In the above manufacturing method, it is preferable that two or more index marks are provided for one semiconductor device. If an index mark that is sufficiently smaller than the size of the semiconductor device is used and two or more index marks are given to one semiconductor device,
Index marks can be collectively applied at the wafer level regardless of the position concept of the semiconductor device.
Since it is not necessary to adjust the position of the semiconductor device and the index mark, the processing time can be further shortened.

Further, it is preferable that the index mark is a symbol indicating a direction when the semiconductor device is mounted on the mounting board. The index mark can be easily arranged even in a small-sized semiconductor device in which the index mark made of characters cannot be arranged, and the index mark can be easily recognized even when mounted on a mounting board.

According to the present invention, a semiconductor substrate having a main surface on which a circuit element is formed, a plurality of electrode pads formed above the main surface of the semiconductor substrate and electrically connected to the circuit element, and a semiconductor A sealing resin for sealing the upper part of the main surface of the substrate, and a plurality of external connection terminals formed above the main surface so as to project from the surface of the sealing resin, and arranged substantially regularly at predetermined intervals. A semiconductor device having a plurality of external connection terminals, wherein at least one of the plurality of external connection terminals has a shape different from that of the other external connection terminals. Provided.

According to such a semiconductor device, the shape of the external connection terminal can be used as an index mark. Therefore, there are the following excellent effects. Since the step of providing the index mark itself is unnecessary, the position adjustment work for aligning the index mark with the position of each semiconductor device is unnecessary. Since the shape of the external connection terminal is used as the index mark, it is possible to prevent the index mark from being separated from the semiconductor device, unlike the conventional technique in which the index mark is formed using ink. Further, unlike the prior art in which the index mark is formed by using laser light, it is possible to prevent the deterioration of the circuit pattern inside the device. The size of the external connection terminal is 400 μm on one side (diameter).
It is about (0.4 mm), and its shape can be recognized with the naked eye. Therefore, the mounting direction can be easily determined.

If the external connection terminals having different shapes are any of the external connection terminals located near the four corners of the semiconductor substrate, the mounting direction can be easily determined. However,
It is not strictly necessary to form the four corner portions, and external connection terminals having different shapes may be provided at positions where the mounting direction can be discriminated even around the four corner portions. That is, the external connection terminals having different shapes may be any of the external connection terminals that are substantially regularly arranged at predetermined intervals, other than the external connection terminals near the center. Even when the external connection terminals are not provided at the four corners in the terminal layout design, the external connection terminals having different shapes can be provided, which increases the degree of freedom in the terminal layout design.

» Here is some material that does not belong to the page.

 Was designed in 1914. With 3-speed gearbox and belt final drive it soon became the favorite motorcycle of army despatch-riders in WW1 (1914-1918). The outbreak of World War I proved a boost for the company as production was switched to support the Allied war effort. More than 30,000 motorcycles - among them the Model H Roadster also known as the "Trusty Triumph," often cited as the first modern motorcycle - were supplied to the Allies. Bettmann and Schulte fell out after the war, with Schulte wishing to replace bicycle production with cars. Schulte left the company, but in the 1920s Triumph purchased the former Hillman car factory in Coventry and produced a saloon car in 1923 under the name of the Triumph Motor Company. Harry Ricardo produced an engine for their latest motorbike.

In some cases, like the external connection terminal connected to the ground line, a plurality of external connection terminals have the same function. In such a case, the plurality of external connection terminals may be integrally formed to have a shape different from that of the other external connection terminals, and this may be used as an index mark.

[0019]

BEST MODE FOR CARRYING OUT THE INVENTION Referring to the accompanying drawings,
Preferred embodiments of a semiconductor device and a method of manufacturing a semiconductor device according to the present invention will be described in detail. In the present specification and the drawings, components having substantially the same functional configuration are designated by the same reference numerals, and duplicate description will be omitted. First, general wafer level C
The SP technology will be described with reference to FIGS.

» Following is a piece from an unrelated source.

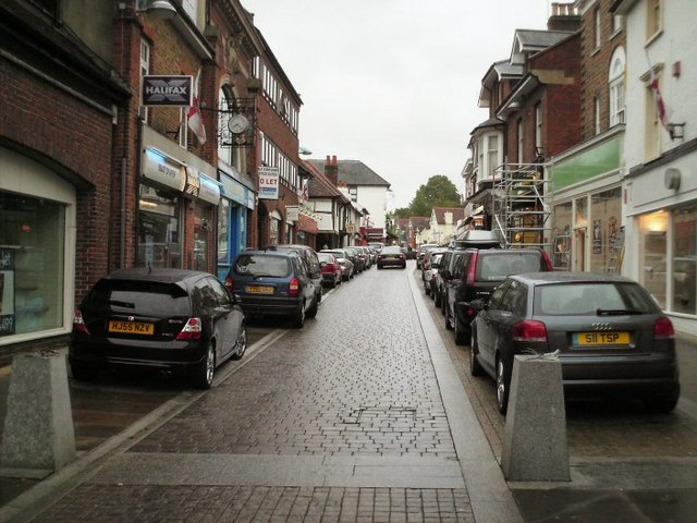 Leatherhead High Street

(A) Formation of Copper Post First, an electronic circuit (not shown) having a predetermined function is formed on the main surface (circuit forming surface) of the semiconductor wafer 1 by a normal wafer process. After that, an insulating film 13 having an opening (not shown) is formed on the main surface. Then, the electrode pad 14 and the wiring (not shown) which connects this electrode pad 14 and an electronic circuit are formed. The electrode pad 14 is formed on the insulating film 13. Next, the insulating film 15 is formed on the entire main surface of the semiconductor wafer 1. The electrode pad 14 is formed on the insulating film 15 by photolithography.
An opening is formed to expose a part of the surface of the. Next, the wiring 16 is formed on the exposed surface of the electrode pad 14 and the insulating film 15. Next, a resist is applied to the entire main surface of the semiconductor wafer 1. An opening having a predetermined shape is formed in the resist by the photolithography technique. This opening is located on the surface of the wiring 16. Then, electroplating is performed to form the copper posts 2 made of copper in the openings provided in the resist. The copper posts 2 are arranged in a grid (matrix) when viewed from above the semiconductor device. The copper post 2 functions as a wiring for electrically connecting the electrode pad 14 and the wiring 16 formed on the semiconductor wafer 1 to the external connection terminal 5 formed on the copper post 2 in a later step. . In addition, copper post 2
The resist pattern for forming the film will be described later. (FIG. 1 (A)).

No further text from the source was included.